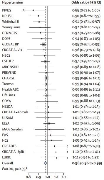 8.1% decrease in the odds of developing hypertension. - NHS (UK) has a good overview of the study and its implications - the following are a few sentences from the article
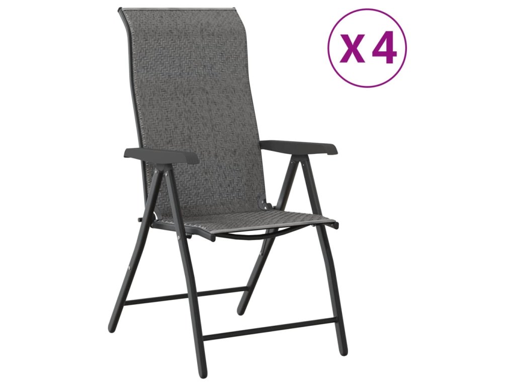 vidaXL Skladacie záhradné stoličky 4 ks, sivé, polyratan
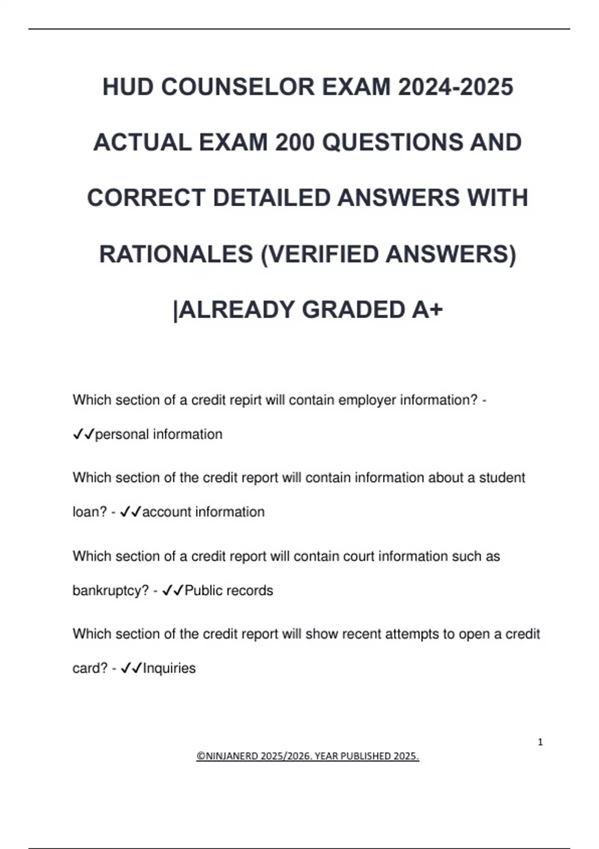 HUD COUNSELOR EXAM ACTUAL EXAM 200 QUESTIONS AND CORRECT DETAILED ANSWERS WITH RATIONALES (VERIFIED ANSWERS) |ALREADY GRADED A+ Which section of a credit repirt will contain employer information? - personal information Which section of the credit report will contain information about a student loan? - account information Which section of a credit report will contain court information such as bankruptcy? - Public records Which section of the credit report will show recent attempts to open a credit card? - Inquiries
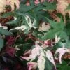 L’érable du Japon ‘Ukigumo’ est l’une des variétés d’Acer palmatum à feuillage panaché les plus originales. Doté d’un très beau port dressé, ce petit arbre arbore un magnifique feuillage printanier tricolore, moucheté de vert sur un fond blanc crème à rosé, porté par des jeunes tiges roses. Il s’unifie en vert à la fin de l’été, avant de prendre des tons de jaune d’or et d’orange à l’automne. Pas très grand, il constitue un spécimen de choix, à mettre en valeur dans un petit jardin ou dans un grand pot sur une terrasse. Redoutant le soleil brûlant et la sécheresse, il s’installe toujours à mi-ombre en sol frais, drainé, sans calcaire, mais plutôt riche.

## Assignment:
Would you restate the listing word for word without its pictures?

## Your solution:
 8.1% decrease in the odds of developing hypertension. - NHS (UK) has a good overview of the study and its implications - the following are a few sentences from the article
 vidaXL Skladacie záhradné stoličky 4 ks, sivé, polyratan
 HUD COUNSELOR EXAM ACTUAL EXAM 200 QUESTIONS AND CORRECT DETAILED ANSWERS WITH RATIONALES (VERIFIED ANSWERS) |ALREADY GRADED A+ Which section of a credit repirt will contain employer information? - personal information Which section of the credit report will contain information about a student loan? - account information Which section of a credit report will contain court information such as bankruptcy? - Public records Which section of the credit report will show recent attempts to open a credit card? - Inquiries
 L’érable du Japon ‘Ukigumo’ est l’une des variétés d’Acer palmatum à feuillage panaché les plus originales. Doté d’un très beau port dressé, ce petit arbre arbore un magnifique feuillage printanier tricolore, moucheté de vert sur un fond blanc crème à rosé, porté par des jeunes tiges roses. Il s’unifie en vert à la fin de l’été, avant de prendre des tons de jaune d’or et d’orange à l’automne. Pas très grand, il constitue un spécimen de choix, à mettre en valeur dans un petit jardin ou dans un grand pot sur une terrasse. Redoutant le soleil brûlant et la sécheresse, il s’installe toujours à mi-ombre en sol frais, drainé, sans calcaire, mais plutôt riche.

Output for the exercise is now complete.